Sunday, 28 February 2010

  • Is it Aspergers or Simply Just Bad Habits?

    I am a 36-year-old female and I am on the cusp of being tested psychometrically for Aspergers Syndrome. My Therapist is fairly certain that this is what we are dealing with. There are many years of behavior to sort through. I do not know who I am most of the time and the parts I can remember of my past, does not feel like my own. My self-esteem has been systematically eroded. I always thought I was stupid, lazy, demotivated, unreliable, flaky, highly-strung, narcissistic and angry, when that is not necessarily true.

     But old habits are hard to break. One needs a system, a direction, some answers or some skills sometimes to break the habits of the past. The “origin of habit”, if you will. But what happens when you truly believe that old habits have been changed due to healthier behavior as a result?

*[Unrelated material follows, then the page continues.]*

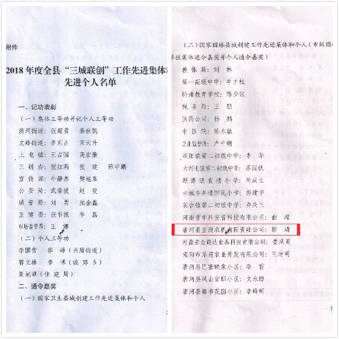 4月12日,唐河縣召開2018年度“三城聯(lián)創(chuàng)”總結(jié)大會。大會宣讀了表彰先進(jìn)集體及先進(jìn)個人的決定。亞澳農(nóng)機(jī)獲得2018年度國家園林縣城創(chuàng)建工作先進(jìn)集體。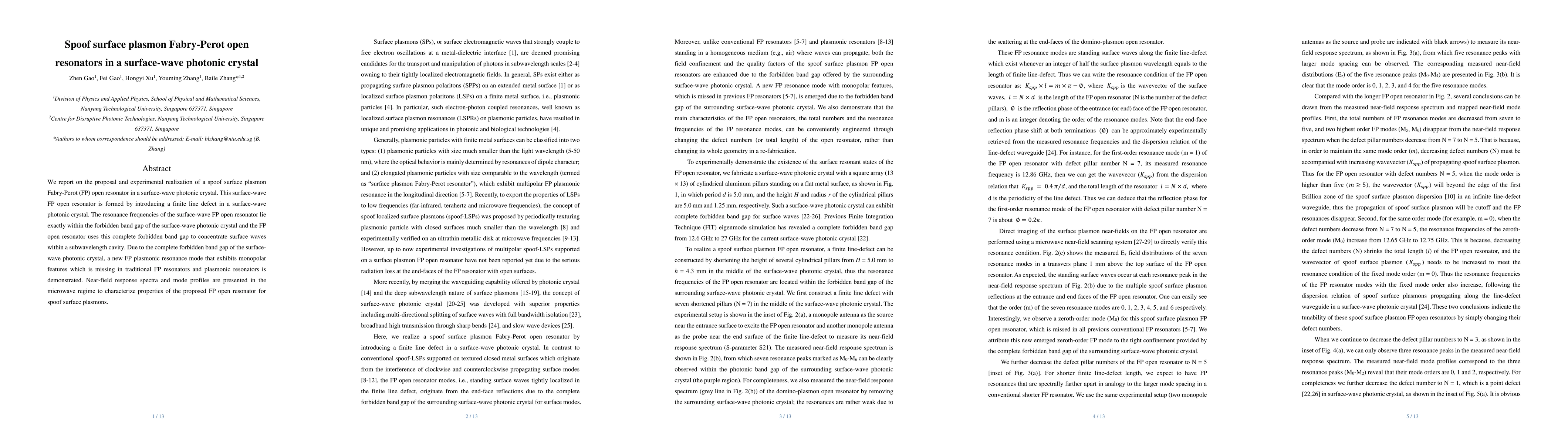 This paper proposes and experimentally demonstrates a spoof surface plasmon Fabry-Perot open resonator in a surface-wave photonic crystal, utilizing a finite line defect to create a subwavelength cavity within the forbidden band gap. The resonator exhibits unique monopolar features and concentrates surface waves effectively, characterized by near-field response spectra in the microwave regime.

    Am I just dealing with bad habits, or Aspergers? I cannot have done this much hard work over the years to come this far, to be told that nothing has changed. It isn’t logical and the thought is terrifying. Am I doomed to a life of inaction and confusion just because I am too much of an ignorant moron to change it?

    I have always secretly loved my mind; it is the years of ostracism/mental illness/drugs that has taken its toll. Despite my desperate need for a solitary and quiet existence, there are people that I love deeply, and they love me deeply back. And despite my misanthropy, I do concede that there are some wonderful people out there. Just because I have not met them in my travels as such, does not mean they do not exist.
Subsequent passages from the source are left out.